Plan to turn Swiss Hall into condo development brought to neighbors

LOUISVILLE, KY (WAVE) - Swiss Hall, a former deputy sheriff’s lodge in the St. Joseph’s neighborhood of Louisville, could soon transform into new housing.

This is a view of the proposed development.
This is a view of the proposed development. (Source: WAVE 3 News)

Developer Jeff Underhill wants to rezone the property to add 41 condos.

Underhill said they would keep Swiss Hall and renovate it to hold 18 condos, then build 23 more free-standing condos around the building.

“It should be a nice little village effect,” Underhill said.

Swiss Hall was built in the 1920s, Underhill said.

“Swiss immigrants settled that area," he said. “We feel they banded together to put in a community house there at one point. But it fits well to be residential.”

After a bar and restaurant’s attempt to rezone the location in 2018 failed, Underhill decided to buy the property to add more homes to the area.

The three-story Swiss Hall would house six condos on each floor. The developer plans to add lots of windows to the building.

“They will have common green space and common parking areas,” Underhill said.

Moseley Putney, the architect for the project, said they thought about demolishing the building and starting from scratch, but felt that keeping the original building would be better.

“It makes more sense to keep it," Putney said. "We get a nice mix of units. We’ll have condos in there that are nice flats and the top floor in there having lofts. So we end up saving it.”

He added: “I believe it adds an interesting character. It maintains a piece of the community that’s been there forever and people identify with it.”

Judy Rentschler remembers before it became the deputy sheriff's lodge. She moved to St. Joseph’s when Swiss Hall was still Swiss Hall.

“They had events back there. They had the fish fry on Friday nights and the bands and that kind of stuff,” Rentschler recalled. “It was a neighborhood gathering place on the weekends."

Rentschler was one of dozens of neighbors meeting with Underhill and Putney Tuesday night.

“We don’t want a restaurant, we don’t want a bar, we don’t want a honkeytonk," Rentschler said. "We want people that care about what’s right there.”

Underhill, Putney and the project’s attorney, Bill Bardenwerper, showed neighbors what they want the development to look like and answered questions about alleyways, traffic, lighting and fences.

Nicholas Johnson has lived in St. Joseph’s for about a year and a half.

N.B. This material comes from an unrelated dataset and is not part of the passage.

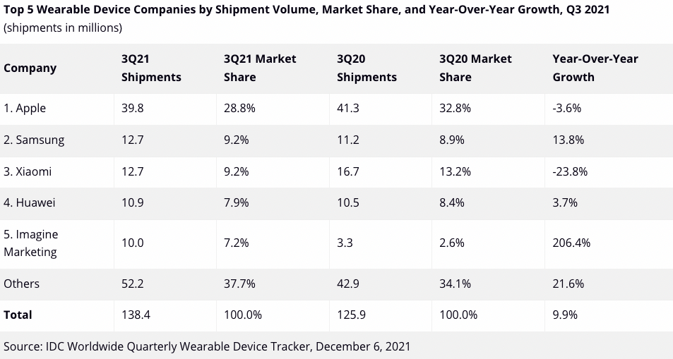 由於供應不足的問題,蘋果不得不將其Watch Series 7的發售推遲到了第四季度,從而導致其出貨下降了 35.5%。但是蘋果仍保持在第一的位置,其佔據了整個市場超過53%的美元價值。2021年第三季度蘋果可穿戴設備出貨3980萬台,市場佔比28.8%。
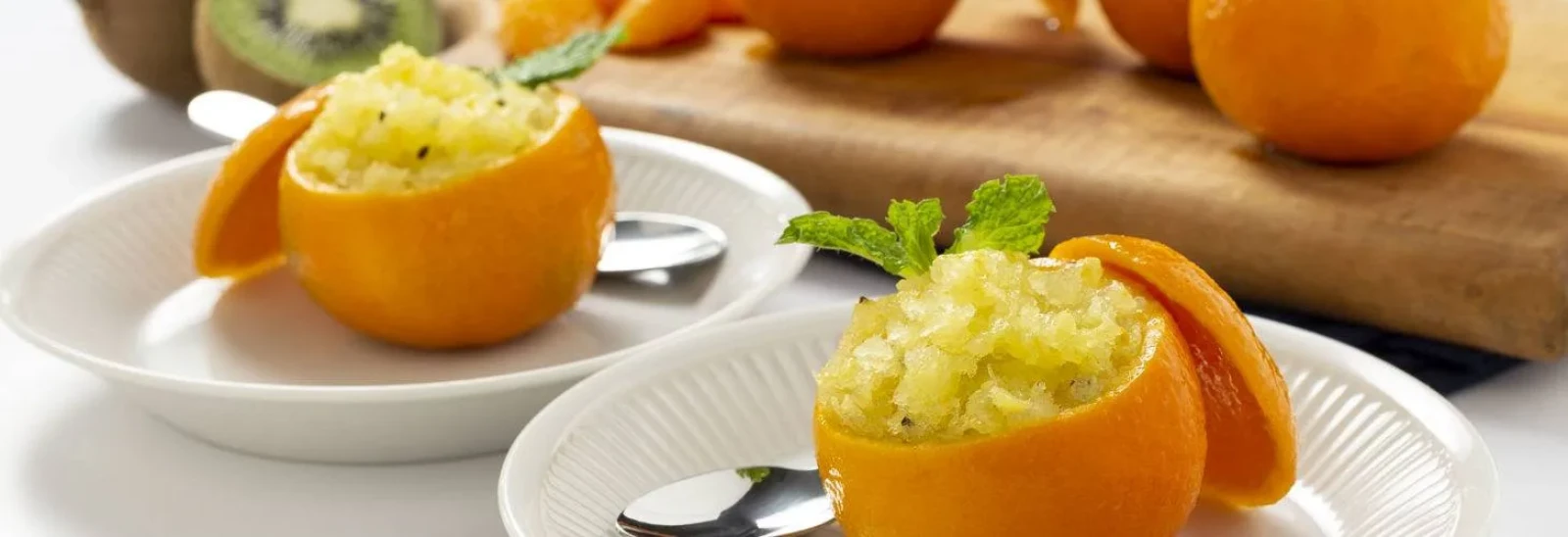 Fill each of the reserved clementine shells with granita. Add the tops and place on a baking sheet in the freezer until ready to serve. Add mint leaves and tops just before serving.

He believes what the developers are trying to do will be good for the area.

“It was really nice to see the visuals in a more thought out and developed concept,” Johnson said. “I do still feel like we're in the early stages of this development so it will be interesting to see how they respond to the needs and requests of the neighborhood."

Underhill said they will take the neighbors' feedback into consideration.

Before any changes happen to the property, Underhill said the zoning change has to be approved, which usually takes about six months.